高城:どっちもあるのがいいですよね。たとえば10分ずつ観て、「いくつ観れた!」って、リストをSNSにアップして満足するみたいなプレイリスト的な楽しみ方も間違ってはいないと思う。いろんなレンジがあっていいと思うんですよ。


子どもに優しいフェスがあれば、ゴリゴリに大人向けがあってもいいし、その中間があってもいい。これだけフェスが乱立しているんだから、みんなが同じものを目指さないほうがいいですよね。「めちゃ安い」とか「めちゃ高い」でもいいし(笑)。広いレンジで考えて場作りをしていけば、必然的に風通しもよくなるんじゃないですかね?



左から:原田郁子(クラムボン)、高城晶平(cero)


原田:あとは、ローカルの感覚も大事かなって思いますね。私は福岡の出身なんですけど、『CIRCLE』があることがちょっと誇らしいとか。毎年その日を楽しみにいろんな街から集まる人たちがいたり。そういうところにも風通しのよさが生まれると思います。


—最後に、『FUJI & SUN』のラインナップのなかから、おすすめのアーティストを教えてもらえますか?


高城:DJ Sprinklesはいいですよねえ。ceroでPAをやってくれる得能直也さんがすごく好きで、よくミックスを送ってくれたりしていたんで、印象に残ってます。



“Low Point On High Ground (DJ Sprinkles Rock Bottom Mix)”を聴く(Apple Musicはこちら)


原田:いやあ、やっぱりエルメート・パスコアール(マイルス・デイヴィスをして「世界で最も印象的なミュージシャン」と評されたブラジルの音楽家。鍵盤・管楽器にはじまり、ヤカンや動物の鳴き声までを音楽へと昇華し、50年以上ものキャリアを通して世界中の音楽家やリスナーに影響を与える)ですよね!


一昨年初めてライブを拝見して、「実在するんだ」って思ったんですけど、とにかく楽しかった。パスコアールも楽しそうだったし、バンドメンバーも素晴らしく、パスコアールと一緒に演奏できるっていう喜びに溢れていて。グルーヴというか、音楽そのものがボジティヴ。初めて観る方もきっと身体が動いちゃうんじゃないかな。
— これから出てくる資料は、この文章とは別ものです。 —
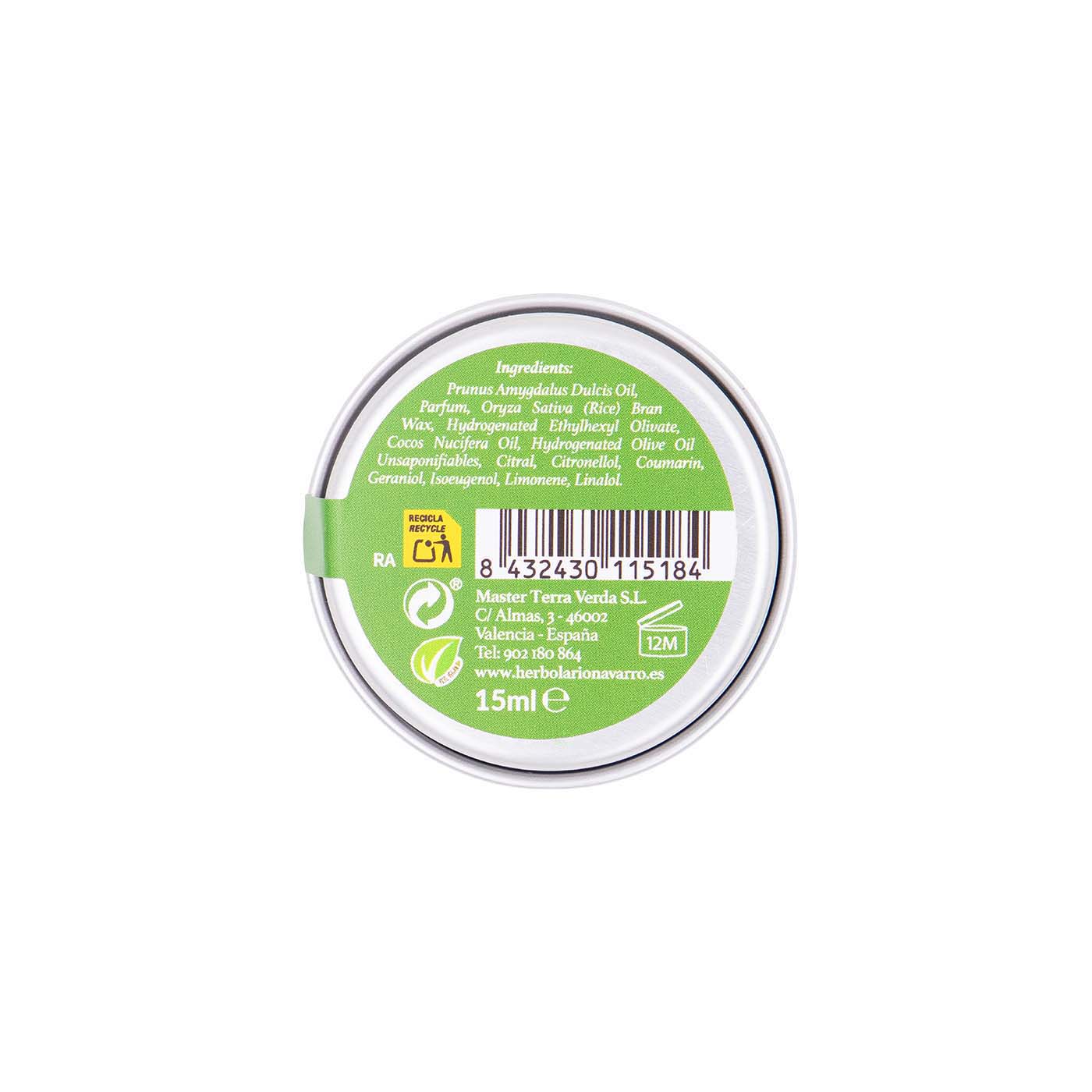 Prunus Amygdalus Dulcis Oil, Parfum, Oryza Sativa (rice) Bran Wax, Hydrogenated Ethylhexyl Olivate, Cocos Nucifera Oil, Hydrogenated Olive Oil Unsaponifiables, Citral, Citronellol, Coumarin, Geraniol, Isoeugenol, Limonene, Linalol.

高城:僕もパスコアール大好きですけど、自分で自分の音楽を「ユニバーサルミュージック」って呼んでいて、ライブでも「ユニバーサルミュージックの伝承に来ました」って言っているんですよね。


自分の息子を含むお弟子さんたちがバンドメンバーで、彼らにもユニバーサルミュージックの伝承を手伝ってもらっているし、それをいろんな国の人に継承していくのが我々のライフワークなんだって。だから、ライブも授業みたいな感じというか、「あの曲をやってくれた!」とか、そういう喜びとは違うけど、絶対楽しいと思います。


—お二人の話を聞いていて、茂木さんはパスコアールなんじゃないかって思っちゃいました(笑)。フィッシュマンズというユニバーサルミュージックの伝道師というか。


高城:僕も今、話しててちょっと思った(笑)。何かに触れているものがあって、それを絶やしたくないから、自分がその礎になる。パスコアールも自分がスターだとは思ってなくて、脈々と続いていくものの礎だっていう考えだと思うんですよね。もしかしたら、同じようなことなのかもしれないですね。